What you are asked to do
Leave out every picture, and restate word for word only the lines from the one containing "Pair of Cloisonne" through the end of the material.

╭──

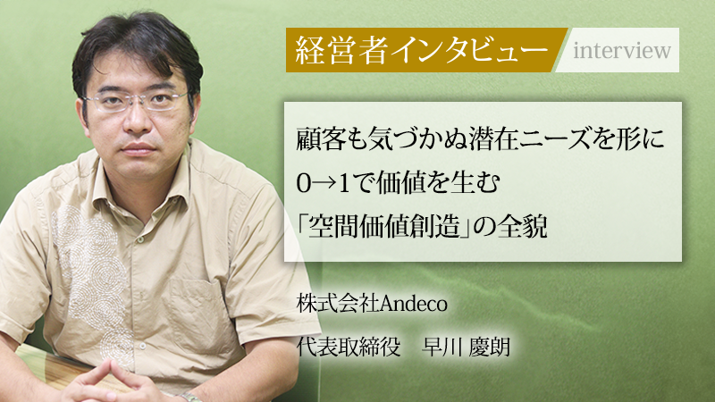 「空間価値の創造と向上」をミッションに掲げ、スマートビルディングやPFI事業(※1)、カーボンニュートラルといった多角的なアプローチで未来の社会基盤づくりに貢献する株式会社Andeco。言語化できていない顧客の潜在的な要望を汲み取り、ゼロから新たな価値を企画・実装するコンサルティングを強みとする。大手総合建設会社をパートナーに、最先端のビル・街づくりを推進する同社は、建築業界の変革をリードする存在だ。大手通信会社での経験を経て同社を創業した代表取締役、早川慶朗氏に、その挑戦の軌跡と事業の核心、そして未来への思いを聞いた。
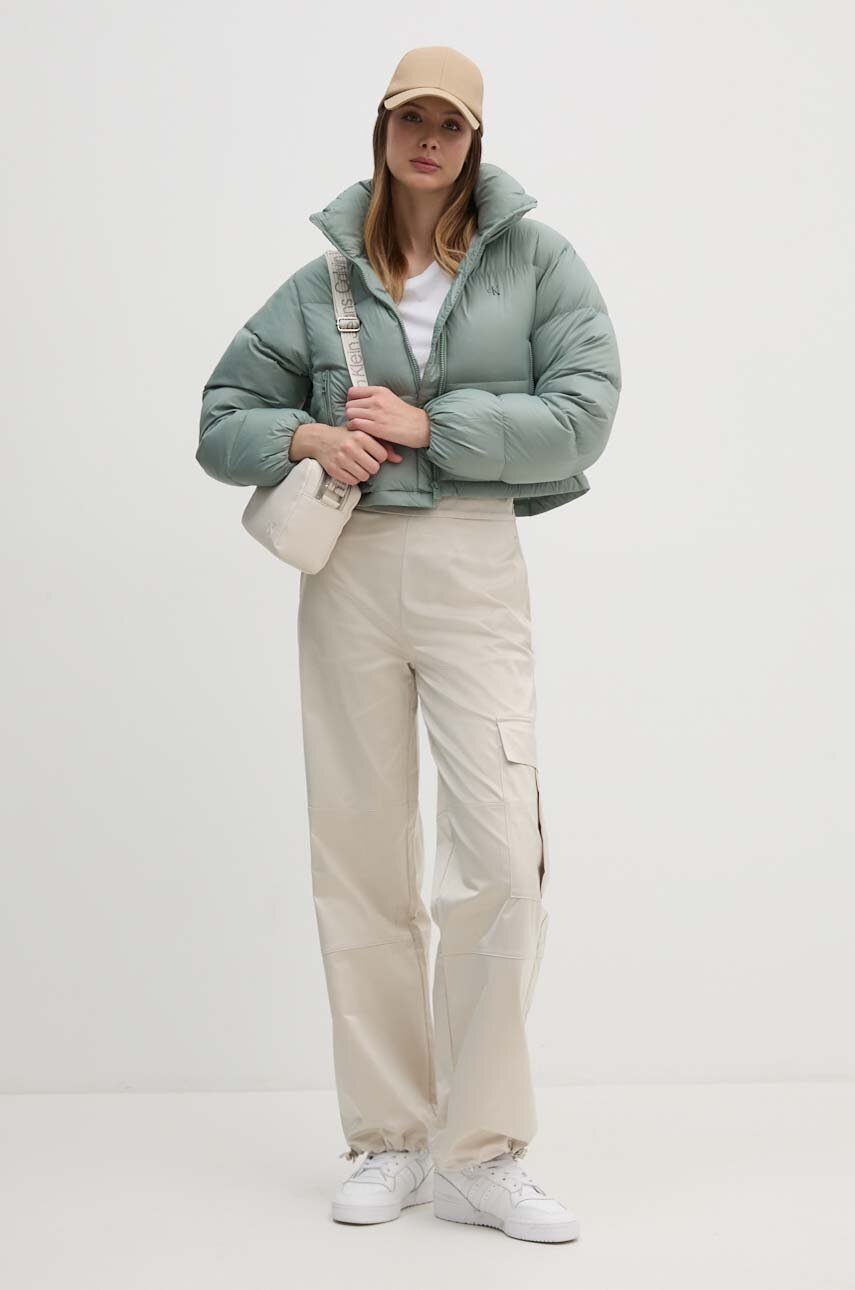 Calvin Klein Jeans spodnie damskie kolor beżowy szerokie high waist J20J223921
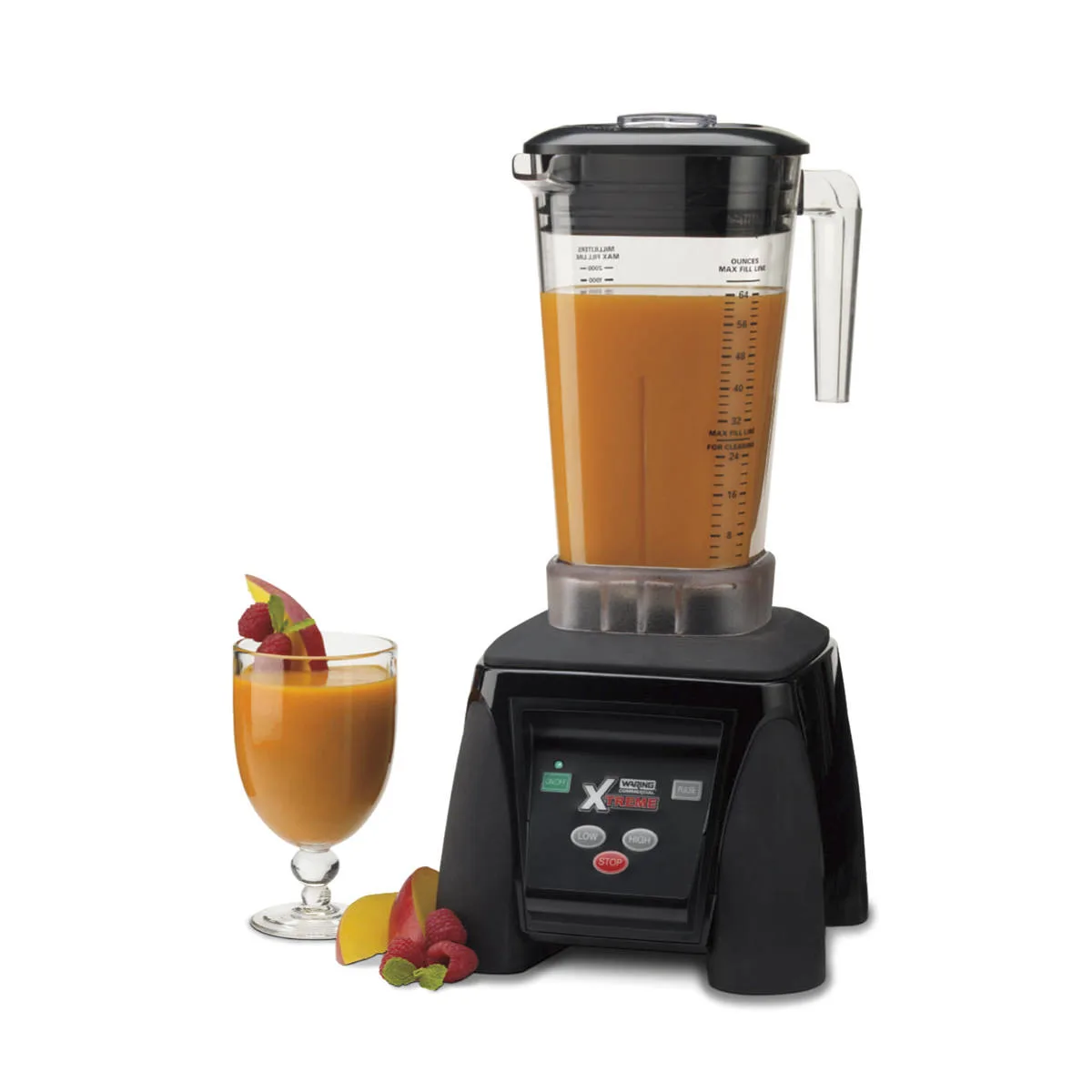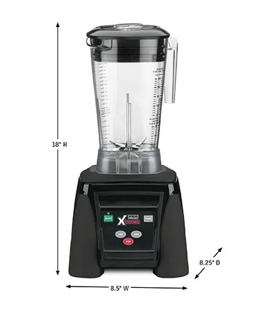 Get smooth, consistent results every time with the Waring® MX1050XTX. This heavy-duty, powerful, 3.5 Peak HP blender teams up with The Raptor® blade and jar assembly for maximum power and efficiency. This workhorse features an easy-to-clean, electronic-membrane keypad with HI, LOW, OFF and PULSE functions. Perfect for a busy bar, health facility, school or coffee shop.
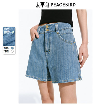 太平鸟高腰肌理牛仔中短裤2025年夏季新款A字宽松阔腿牛仔裤短裤
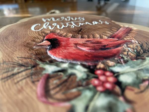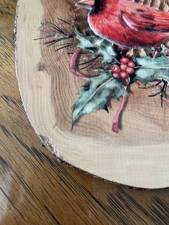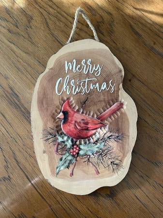 Hanging Merry Christmas Wooden or Wood Like Plaque with Cardinal Bird and Holly Theme
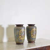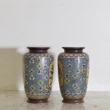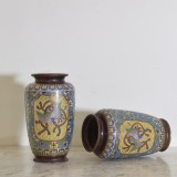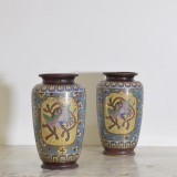 Pair of Cloisonne Multicolored Vases with Birds, Flowers, and Serpents
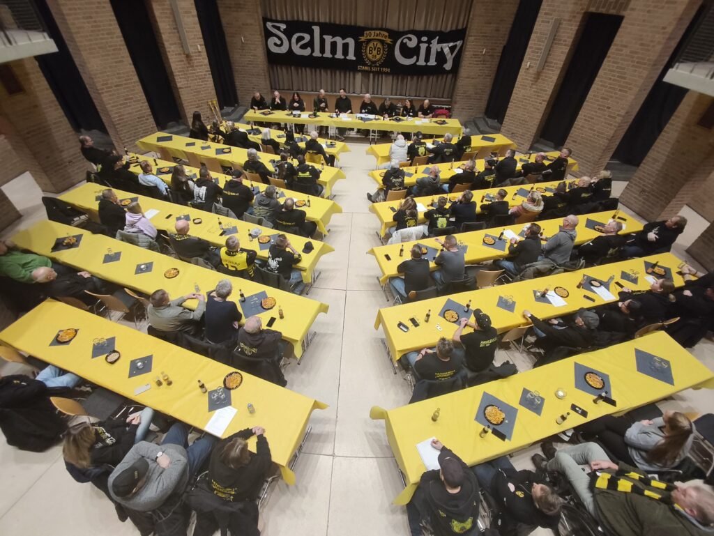 Am vergangenen Freitag fand unsere Jahreshauptversammlung statt. Diesmal im großen Saal des Bürgerhauses in Selm, wo sich rund 80 Mitglieder einfanden. Wichtigstes Thema auf der Agenda waren Neuwahlen. Der Vorstand, sowie der erweiterte Vorstand wurden einstimmig von den Mitgliedern wiedergewählt. Somit steht 1. Vorsitzender Markus Kapp (Kappi) seit 2008 ununterbrochen an der Spitze des Fanclubs.
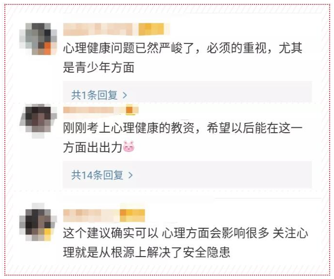 全國人大代表司富春建議,針對中小學校教師普及心理健康常識,實施教師心理健康教育資格認證制度,實行班主任和專、兼職心理健康教育教師持證上崗制度。加強對中小學生實施心理健康教育。
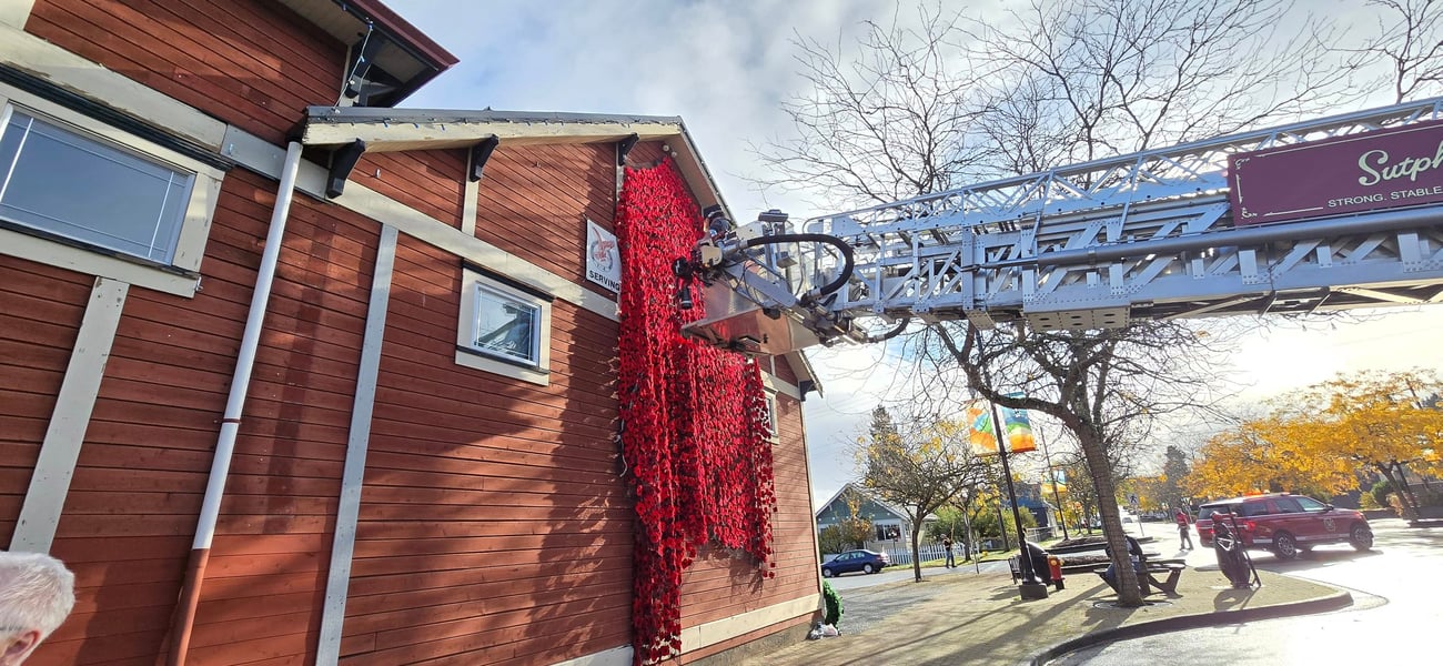 The Eagles Hall in Ladysmith received a display of 2,000 crocheted poppies to honor Canadian troops for Remembrance Day. Photo courtesy of Kerrie Vockeroth.

╰──

Exercise response
 Pair of Cloisonne Multicolored Vases with Birds, Flowers, and Serpents
 Am vergangenen Freitag fand unsere Jahreshauptversammlung statt. Diesmal im großen Saal des Bürgerhauses in Selm, wo sich rund 80 Mitglieder einfanden. Wichtigstes Thema auf der Agenda waren Neuwahlen. Der Vorstand, sowie der erweiterte Vorstand wurden einstimmig von den Mitgliedern wiedergewählt. Somit steht 1. Vorsitzender Markus Kapp (Kappi) seit 2008 ununterbrochen an der Spitze des Fanclubs.
 全國人大代表司富春建議,針對中小學校教師普及心理健康常識,實施教師心理健康教育資格認證制度,實行班主任和專、兼職心理健康教育教師持證上崗制度。加強對中小學生實施心理健康教育。
 The Eagles Hall in Ladysmith received a display of 2,000 crocheted poppies to honor Canadian troops for Remembrance Day. Photo courtesy of Kerrie Vockeroth.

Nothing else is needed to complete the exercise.